Pharma Fair Sheds Light on Chinese Drugmakers' Changing Strategies
More than 3,000 pharmaceutical and healthcare companies gathered in Shanghai this week for the 92nd PHARMCHINA, one of China's largest industry sourcing fairs. Held at the National Exhibition and Convention Center in suburban Qingpu District, the event covered more than 170,000 square meters, spanning sectors from APIs and manufacturing equipment to finished drugs and health nutrition products.
Across the exhibition halls, a clear theme emerged: China's generic drug makers are no longer competing only on volume. They are searching for new ways to survive after years of state-led bulk procurement pushed prices down sharply.
Mature chemical drugs still dominated the floor. Products such as ibuprofen, amoxicillin and metformin appeared across multiple booths, alongside treatments for hypertension, diabetes and respiratory infections.
But behind the familiar product names, companies were telling a more complicated story.
Some emphasized that their drugs had passed consistency evaluation or won bids in provincial and national procurement programs, betting on guaranteed volume to offset lower prices. Others promoted modified dosage forms, including sustained-release tablets, chewable tablets and orally disintegrating tablets, hoping technical differentiation can slow the slide into pure price competition.
"The industry is moving away from the old model of competing purely on scale and low prices," said Original Pharmacolabo from northeast China's Liaoning Province. "With centralized procurement and e-commerce reshaping the market, companies are under pressure to differentiate through product quality, formulation upgrades and clinical value."
The drugmaker used the fair to launch a new effervescent paracetamol-vitamin C product that recently passed China's generic consistency evaluation, highlighting improved formulation stability and patient compliance as selling points.

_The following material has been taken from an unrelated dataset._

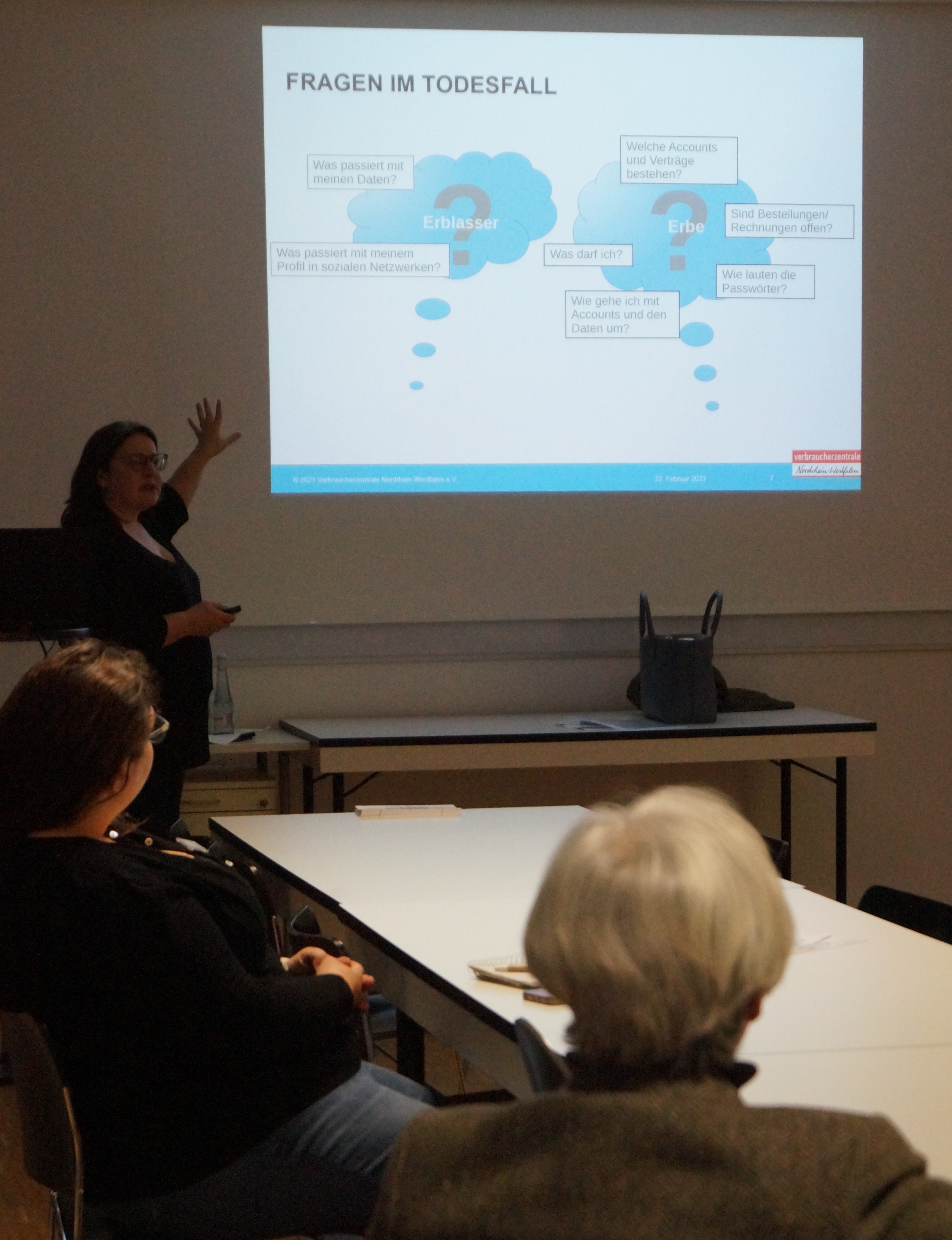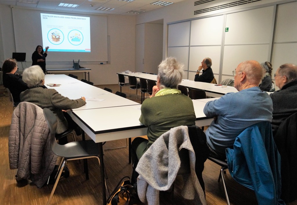 Eine gute Stunde lang lauschten die Teilnehmenden Frau Schiffer, während sie erklärte, wie der eigene digitale Nachlass zustande kommt und wie man am besten für den Ernstfall vorsorgen kann. Frau Schiffers Expertise aus ihrer beruflichen Praxis veranschaulichte den Zuhörenden fast schon bildlich die Dringlichkeit, sich auch um den eigenen digitalen Nachlass zu kümmern.

Another major section of the fair was API (Active Pharmaceutical Ingredient) China, where more than 1,200 exhibitors covered APIs, intermediates, excipients and manufacturing equipment. The boundary between upstream suppliers and downstream drugmakers appeared increasingly blurred. Some traditional API producers, including companies, displayed not only raw materials but also finished formulations, signaling a broader move toward vertical integration.
The logic is straightforward. Rising chemical raw material costs are squeezing margins for API suppliers, while finished-drug prices have fallen to historical lows. Moving into formulations, contract manufacturing or direct market supply offers upstream companies a possible new profit channel.
"For API producers, finished drugs are no longer just a downstream extension," said Stella Qi, an overseas business sales specialist at Zhejiang Shenzhou Pharma. The company displayed a list of steroid hormone APIs, including progesterone and spironolactone, but also promoted its own finished-drug brands, including Aileyi progesterone soft capsules and Dapuling spironolactone tablets, both of which are also sold overseas.
"They allow us to capture more value from the products we already know well, especially in mature categories where quality control and stable supply matter," she said.
The fair also reflected a second shift: the rise of service providers around innovative drugs. A new demonstration area in the north hall showcased full-chain solutions for drug discovery, preclinical research and commercial manufacturing, bringing together Contract Research Organization (CRO) and Contract Development and Manufacturing Organization (CDMO) companies.
This part of the exhibition told a different story from the crowded generic-drug booths. While many companies are still fighting over price and capacity, others are trying to capture value from research, process development and global supply-chain services.
"Our work starts very early in the drug-development process," said a representative of Viva Biotech, a Shanghai-listed CRO and CDMO service provider that was named to the 2026 China CRO Excellence Brand list at the fair. "We help innovative drug companies with structure-based drug discovery, and then support them as projects move toward development and commercial manufacturing."
According to Sinolink Securities, China's CDMO sector posted revenue growth of about 20 percent in the first quarter of 2026, as demand for innovation-related outsourcing continued to recover.
Taken together, the fair offered a snapshot of a pharmaceutical industry still under pressure, but fragmented in its survival strategies. And one thing is clear: China's drugmakers are no longer simply competing to produce more cheaply. Increasingly, they are competing to prove they can offer something different.